Exercise:
Repeat the data exactly as given below, dropping every picture.

Stored data:
____________

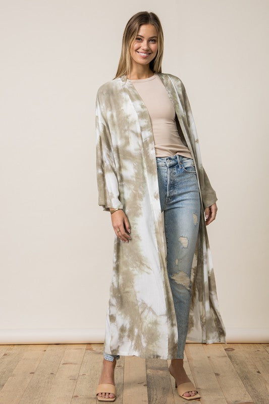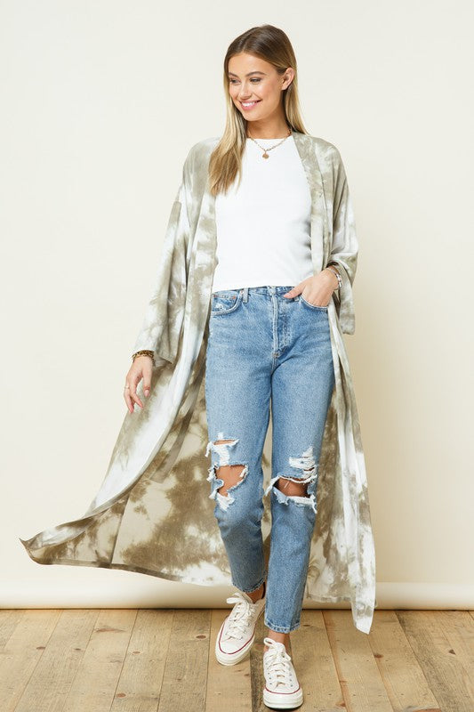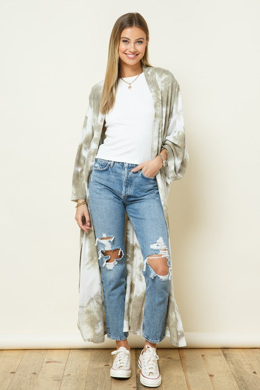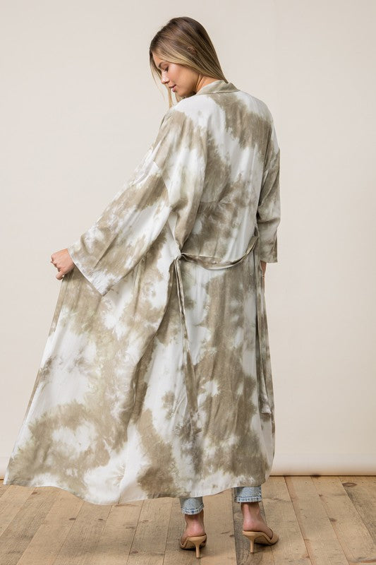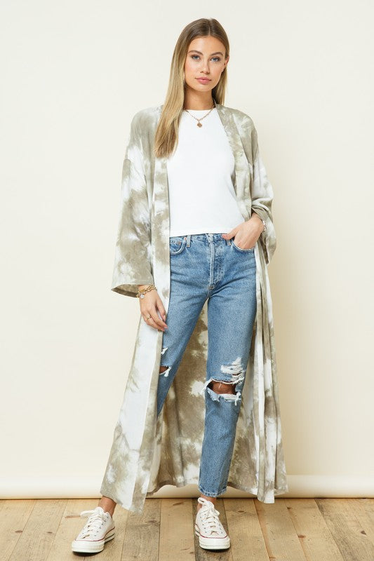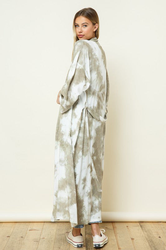 STYLE DETAILS: Full length self tie wrap tie dyed long sleeve duster. Perfect with tee shirt and jeans or as a swim cover up.
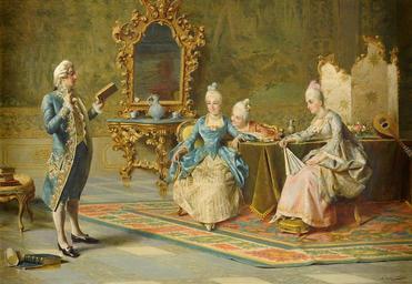Keywords: Pompeo Massani Ein interressanter Verehrer.jpg Ein interressanter Verehrer oil on canvas 45 x 66 cm http //www duesseldorfer-auktionshaus de/ Düsseldorfer Auktionshaus by 1920 Firenze signature/place lower right Pompeo Massani 1850 “1920 PD-old-auto-1923 1920 18th-century way of life Images from Düsseldorfer Auktionshaus Pompeo Massani Rococo revival paintings Reading to others Interiors of palaces in art |
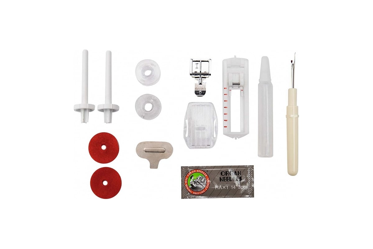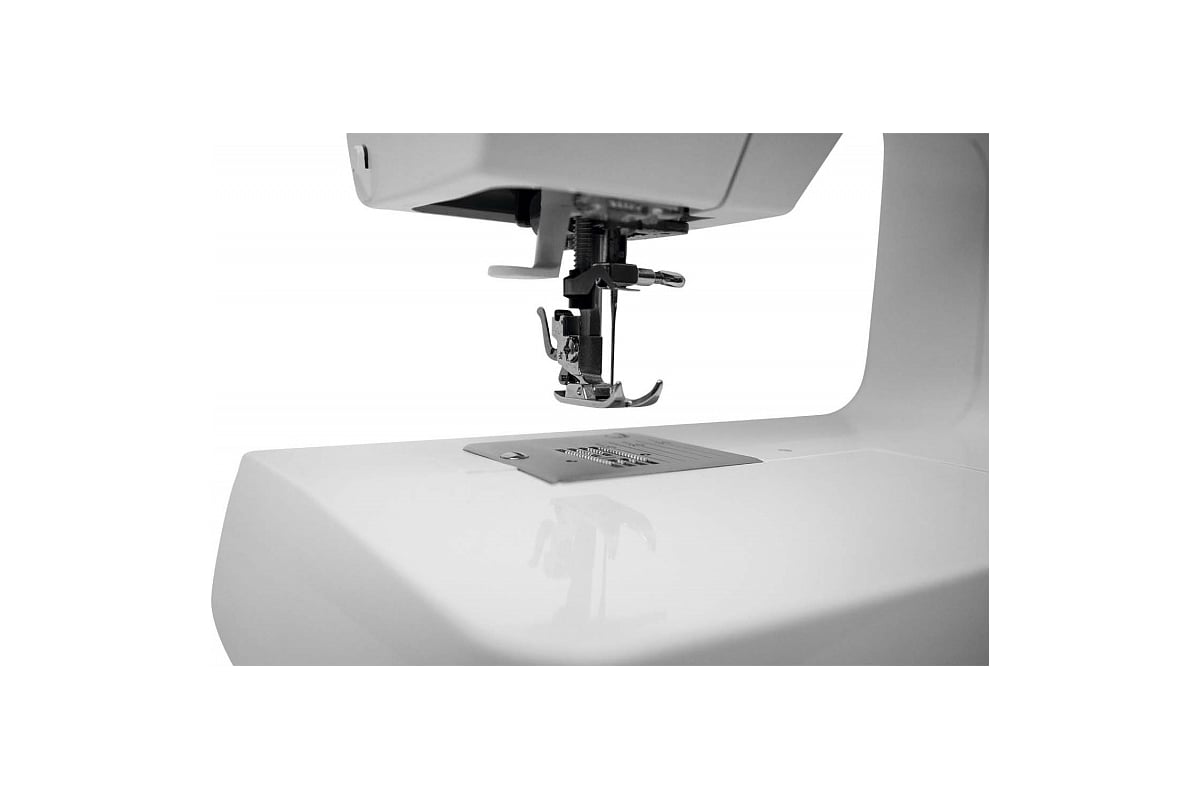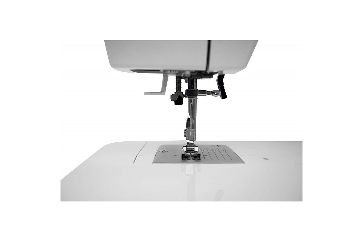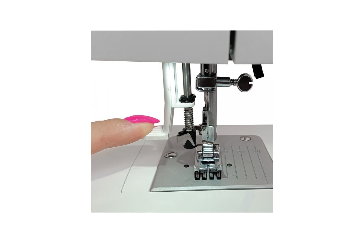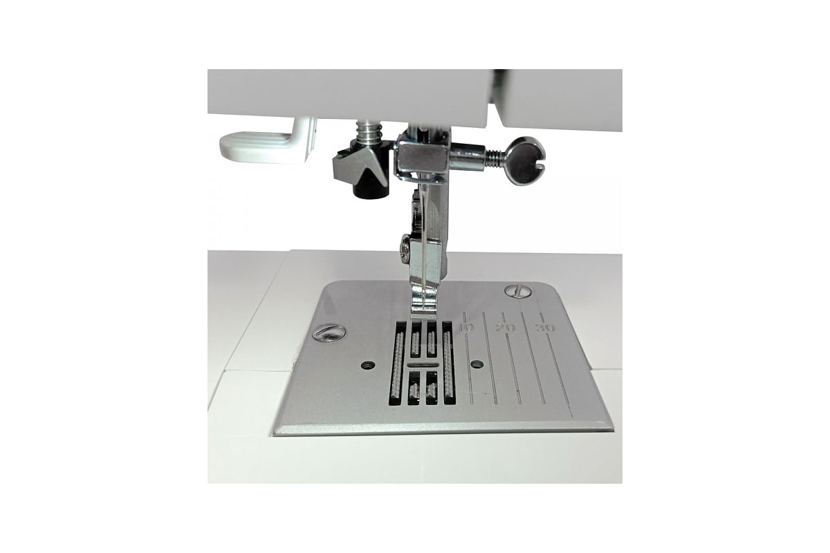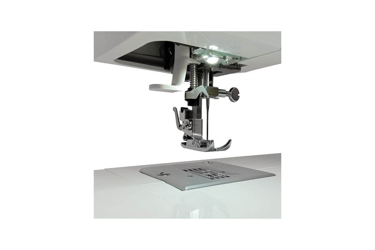 Максимальный подъём лапки в машине - 13 мм, прошьёт изделия из плотных тканей, легко подшивает джинсу. Мелкие изделия или детскую одежду шейте на свободном рукаве. В съёмном столике находится комплектация лапок. Лапка для втачивания молнии и рамка для полуавтоматической петли. Для штопки и вышивки в свободно ходовой технике используйте штопальную пластину, она тоже входит в комплектацию.

____________

Expected output:
 STYLE DETAILS: Full length self tie wrap tie dyed long sleeve duster. Perfect with tee shirt and jeans or as a swim cover up.
Keywords: Pompeo Massani Ein interressanter Verehrer.jpg Ein interressanter Verehrer oil on canvas 45 x 66 cm http //www duesseldorfer-auktionshaus de/ Düsseldorfer Auktionshaus by 1920 Firenze signature/place lower right Pompeo Massani 1850 “1920 PD-old-auto-1923 1920 18th-century way of life Images from Düsseldorfer Auktionshaus Pompeo Massani Rococo revival paintings Reading to others Interiors of palaces in art |
 Максимальный подъём лапки в машине - 13 мм, прошьёт изделия из плотных тканей, легко подшивает джинсу. Мелкие изделия или детскую одежду шейте на свободном рукаве. В съёмном столике находится комплектация лапок. Лапка для втачивания молнии и рамка для полуавтоматической петли. Для штопки и вышивки в свободно ходовой технике используйте штопальную пластину, она тоже входит в комплектацию.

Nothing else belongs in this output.